Sering kita jumpai di tengah-tengah elemen masyarakat, pertanyaan seputar apakah khutbah jum'at harus berbahasa Arab. Pertanyaan ini berawal dari didapatkannya sebagian orang di sebagian tempat menggunakan bahasa Arab ketika khutbah, lalu apakah khutbah Jum'at dengan berbahasa Arab sebuah syarat / keharusan?
Pembaca -rahimakumullah- jika seorang khotib berkhutbah di negeri Arab, maka tentu dan harus menggunakan bahasa Arab, ini sudah tidak diperdebatkan lagi. Masalahnya kalau sang khotib berkhutbah di selain negeri Arab, apa harus dengan bahasa Arab? Sebagian para ulama berkata, "Pertama-tama harus berkhutbah dengan bahasa Arab, kemudian dengan bahasa kaum yang ada padanya." Sebagiannya lagi berkata, "Tidak disyaratkan dengan bahasa Arab, tetapi justru wajib menggunakan bahasa kaum yang ia berkhutbah di situ." Dan inilah yang benar, berdasarkan firman Allah,
وَمَآ أَرْسَلْنَا مِن رَّسُولٍ إِلَّا بِلِسَانِ قَوْمِهِۦ لِيُبَيِّنَ لَهُمْ
"Kami tidak mengutus seorang rosul pun, melainkan dengan bahasa kaumnya, supaya ia dapat memberi penjelasan dengan terang kepada mereka." (QS Ibrohim: 4).

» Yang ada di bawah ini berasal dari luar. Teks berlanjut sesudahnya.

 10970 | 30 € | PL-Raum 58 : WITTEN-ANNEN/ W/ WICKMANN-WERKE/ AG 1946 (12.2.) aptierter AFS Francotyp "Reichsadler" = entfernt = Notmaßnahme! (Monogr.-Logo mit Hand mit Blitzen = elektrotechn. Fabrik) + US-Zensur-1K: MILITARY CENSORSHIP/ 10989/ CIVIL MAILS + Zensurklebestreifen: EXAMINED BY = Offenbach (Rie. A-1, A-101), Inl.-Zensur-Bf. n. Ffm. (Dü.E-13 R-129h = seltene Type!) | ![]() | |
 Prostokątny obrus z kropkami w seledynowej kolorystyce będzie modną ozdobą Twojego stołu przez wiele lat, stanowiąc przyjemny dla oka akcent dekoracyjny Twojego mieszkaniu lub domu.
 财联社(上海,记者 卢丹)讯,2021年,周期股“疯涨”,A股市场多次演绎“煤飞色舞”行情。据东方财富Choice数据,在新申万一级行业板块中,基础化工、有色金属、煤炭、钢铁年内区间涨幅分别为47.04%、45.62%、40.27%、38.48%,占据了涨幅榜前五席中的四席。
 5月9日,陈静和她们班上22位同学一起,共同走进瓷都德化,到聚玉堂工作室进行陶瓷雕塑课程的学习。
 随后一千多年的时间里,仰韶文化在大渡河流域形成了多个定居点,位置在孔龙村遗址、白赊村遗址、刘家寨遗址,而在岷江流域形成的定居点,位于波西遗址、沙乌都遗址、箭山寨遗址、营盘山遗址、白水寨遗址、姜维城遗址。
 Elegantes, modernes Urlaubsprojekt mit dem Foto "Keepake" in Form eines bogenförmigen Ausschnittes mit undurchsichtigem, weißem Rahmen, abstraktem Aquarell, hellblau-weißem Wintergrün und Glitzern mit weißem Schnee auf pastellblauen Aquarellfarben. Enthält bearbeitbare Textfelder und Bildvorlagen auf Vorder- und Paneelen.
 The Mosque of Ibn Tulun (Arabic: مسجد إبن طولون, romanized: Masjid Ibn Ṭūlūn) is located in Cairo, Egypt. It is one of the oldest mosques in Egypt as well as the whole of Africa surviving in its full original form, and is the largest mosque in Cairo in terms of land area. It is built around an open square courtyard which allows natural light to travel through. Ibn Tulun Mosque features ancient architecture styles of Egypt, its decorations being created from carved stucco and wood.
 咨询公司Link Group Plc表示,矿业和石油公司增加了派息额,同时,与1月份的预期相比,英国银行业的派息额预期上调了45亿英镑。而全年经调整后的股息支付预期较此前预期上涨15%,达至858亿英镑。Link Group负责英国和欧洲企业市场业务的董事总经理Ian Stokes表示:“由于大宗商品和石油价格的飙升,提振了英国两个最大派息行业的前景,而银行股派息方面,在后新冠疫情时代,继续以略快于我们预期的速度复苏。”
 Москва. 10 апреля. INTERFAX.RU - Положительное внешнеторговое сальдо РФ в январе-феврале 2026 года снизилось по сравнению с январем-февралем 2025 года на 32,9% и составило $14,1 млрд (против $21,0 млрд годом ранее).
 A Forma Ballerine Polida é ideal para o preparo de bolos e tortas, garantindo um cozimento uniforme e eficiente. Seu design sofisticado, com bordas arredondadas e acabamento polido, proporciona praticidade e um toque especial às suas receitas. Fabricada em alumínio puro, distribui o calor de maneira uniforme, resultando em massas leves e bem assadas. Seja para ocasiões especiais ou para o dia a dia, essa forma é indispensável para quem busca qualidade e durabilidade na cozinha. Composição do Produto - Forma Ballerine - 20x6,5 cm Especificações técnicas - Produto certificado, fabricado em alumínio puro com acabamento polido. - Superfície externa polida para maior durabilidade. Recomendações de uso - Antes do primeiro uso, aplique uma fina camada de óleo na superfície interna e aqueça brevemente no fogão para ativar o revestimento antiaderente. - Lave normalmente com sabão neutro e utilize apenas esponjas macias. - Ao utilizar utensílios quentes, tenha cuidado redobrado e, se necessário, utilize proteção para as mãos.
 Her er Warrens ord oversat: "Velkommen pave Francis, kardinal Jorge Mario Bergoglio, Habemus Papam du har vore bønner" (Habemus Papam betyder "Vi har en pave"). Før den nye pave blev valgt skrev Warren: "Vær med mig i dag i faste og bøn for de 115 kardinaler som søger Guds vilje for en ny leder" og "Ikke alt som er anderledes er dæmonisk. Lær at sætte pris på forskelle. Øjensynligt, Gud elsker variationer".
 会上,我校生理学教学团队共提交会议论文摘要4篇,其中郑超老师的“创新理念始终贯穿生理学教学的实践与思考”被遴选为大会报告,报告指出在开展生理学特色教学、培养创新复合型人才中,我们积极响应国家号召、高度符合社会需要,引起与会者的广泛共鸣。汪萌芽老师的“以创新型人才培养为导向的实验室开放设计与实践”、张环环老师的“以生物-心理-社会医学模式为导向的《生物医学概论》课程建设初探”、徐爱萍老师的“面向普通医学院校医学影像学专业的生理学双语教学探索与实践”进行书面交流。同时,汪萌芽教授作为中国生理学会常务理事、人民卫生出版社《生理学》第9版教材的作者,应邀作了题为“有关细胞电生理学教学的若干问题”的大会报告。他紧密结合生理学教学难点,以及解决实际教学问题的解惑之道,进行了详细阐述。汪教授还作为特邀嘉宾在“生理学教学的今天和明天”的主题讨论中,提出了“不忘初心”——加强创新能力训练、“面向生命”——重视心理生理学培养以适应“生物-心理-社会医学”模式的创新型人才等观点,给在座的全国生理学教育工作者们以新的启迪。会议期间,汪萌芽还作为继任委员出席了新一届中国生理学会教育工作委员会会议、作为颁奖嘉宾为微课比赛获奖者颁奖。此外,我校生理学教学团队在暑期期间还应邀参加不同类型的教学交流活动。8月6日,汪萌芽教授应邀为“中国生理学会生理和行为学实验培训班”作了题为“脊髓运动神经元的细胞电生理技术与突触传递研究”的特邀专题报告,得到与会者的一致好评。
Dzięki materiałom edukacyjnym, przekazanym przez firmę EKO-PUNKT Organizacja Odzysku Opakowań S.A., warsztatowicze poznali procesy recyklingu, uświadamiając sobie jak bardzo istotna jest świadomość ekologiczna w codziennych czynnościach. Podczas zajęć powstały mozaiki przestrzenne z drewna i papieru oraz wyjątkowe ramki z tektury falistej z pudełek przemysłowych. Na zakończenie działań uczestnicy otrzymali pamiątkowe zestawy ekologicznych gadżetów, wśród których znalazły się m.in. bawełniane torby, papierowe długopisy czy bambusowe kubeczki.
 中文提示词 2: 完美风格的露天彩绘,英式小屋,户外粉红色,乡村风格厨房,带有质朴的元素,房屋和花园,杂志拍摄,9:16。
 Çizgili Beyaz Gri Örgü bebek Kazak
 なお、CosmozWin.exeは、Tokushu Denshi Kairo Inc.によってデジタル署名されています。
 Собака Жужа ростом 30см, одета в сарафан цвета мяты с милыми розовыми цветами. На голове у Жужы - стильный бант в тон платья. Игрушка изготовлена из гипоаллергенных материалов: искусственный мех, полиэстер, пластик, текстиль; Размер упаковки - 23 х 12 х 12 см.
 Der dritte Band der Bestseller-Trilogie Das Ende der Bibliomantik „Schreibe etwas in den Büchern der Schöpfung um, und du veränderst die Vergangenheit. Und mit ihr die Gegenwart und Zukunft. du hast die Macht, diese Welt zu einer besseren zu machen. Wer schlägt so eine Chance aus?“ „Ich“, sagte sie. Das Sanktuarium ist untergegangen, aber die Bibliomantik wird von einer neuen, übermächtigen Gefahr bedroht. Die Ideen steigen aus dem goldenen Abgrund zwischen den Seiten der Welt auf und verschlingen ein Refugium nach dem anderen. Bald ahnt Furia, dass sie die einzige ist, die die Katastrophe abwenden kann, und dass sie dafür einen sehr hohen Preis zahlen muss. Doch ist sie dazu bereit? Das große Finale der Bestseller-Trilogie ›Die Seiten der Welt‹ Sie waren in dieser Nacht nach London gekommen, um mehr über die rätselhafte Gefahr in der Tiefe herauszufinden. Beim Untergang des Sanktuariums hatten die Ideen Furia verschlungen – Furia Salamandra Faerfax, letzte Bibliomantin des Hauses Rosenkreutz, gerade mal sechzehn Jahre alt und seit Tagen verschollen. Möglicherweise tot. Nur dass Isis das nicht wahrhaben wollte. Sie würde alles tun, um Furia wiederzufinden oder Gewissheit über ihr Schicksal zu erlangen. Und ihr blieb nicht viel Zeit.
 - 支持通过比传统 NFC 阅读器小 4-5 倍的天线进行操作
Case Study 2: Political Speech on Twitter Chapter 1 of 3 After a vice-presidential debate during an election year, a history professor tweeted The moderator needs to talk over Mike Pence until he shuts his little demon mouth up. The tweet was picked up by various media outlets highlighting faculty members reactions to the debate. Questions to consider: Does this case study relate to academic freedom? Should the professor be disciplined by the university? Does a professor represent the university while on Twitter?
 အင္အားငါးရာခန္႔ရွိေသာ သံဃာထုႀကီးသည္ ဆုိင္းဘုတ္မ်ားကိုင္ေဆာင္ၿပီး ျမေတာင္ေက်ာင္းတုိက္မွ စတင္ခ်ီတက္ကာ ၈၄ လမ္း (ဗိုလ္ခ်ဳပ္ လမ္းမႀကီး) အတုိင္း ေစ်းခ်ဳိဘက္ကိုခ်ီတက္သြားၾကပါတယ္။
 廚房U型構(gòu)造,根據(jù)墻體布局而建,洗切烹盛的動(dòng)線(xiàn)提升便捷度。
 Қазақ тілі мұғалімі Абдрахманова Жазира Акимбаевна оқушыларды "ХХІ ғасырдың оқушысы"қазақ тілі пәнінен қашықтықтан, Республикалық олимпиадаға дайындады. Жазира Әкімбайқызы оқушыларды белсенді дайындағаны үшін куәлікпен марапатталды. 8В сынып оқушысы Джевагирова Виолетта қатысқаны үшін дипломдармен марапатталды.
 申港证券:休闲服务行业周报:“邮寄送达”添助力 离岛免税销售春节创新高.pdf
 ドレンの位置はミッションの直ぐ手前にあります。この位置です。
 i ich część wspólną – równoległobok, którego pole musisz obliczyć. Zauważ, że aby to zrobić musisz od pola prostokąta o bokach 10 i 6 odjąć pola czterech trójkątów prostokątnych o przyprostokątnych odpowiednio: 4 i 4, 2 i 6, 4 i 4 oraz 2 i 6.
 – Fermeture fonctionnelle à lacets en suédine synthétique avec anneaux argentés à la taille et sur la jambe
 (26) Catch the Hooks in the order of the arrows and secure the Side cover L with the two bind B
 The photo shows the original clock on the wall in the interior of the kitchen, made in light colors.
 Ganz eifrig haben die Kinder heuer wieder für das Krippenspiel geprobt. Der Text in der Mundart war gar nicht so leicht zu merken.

Kemudian tidak mungkin mengalihkan perhatian manusia kepada nasehat yang disampaikan, sedang mereka tidak tahu apa yang diucapkan sang khotib.
Adapun kalimat / lafazh-lafazh khutbah bukanlah termasuk perkara yang menjadikannya ibadah dengan melafazhkannya sehingga harus dengan bahasa Arab, akan tetapi apabila melewati / membaca suatu ayat, maka harus dengan bahasa Arab, sebab Al Qur'an tidak boleh diubah dari bahasa Arab. (Lihat Syarhul Mumti': 5 / 78-79).
Sumber: Buletin Jum'at Al Wala` Wal Bara` Edisi ke-19 Tahun ke-1 / 25 April 2003 M / 22 Shafar 1424 H.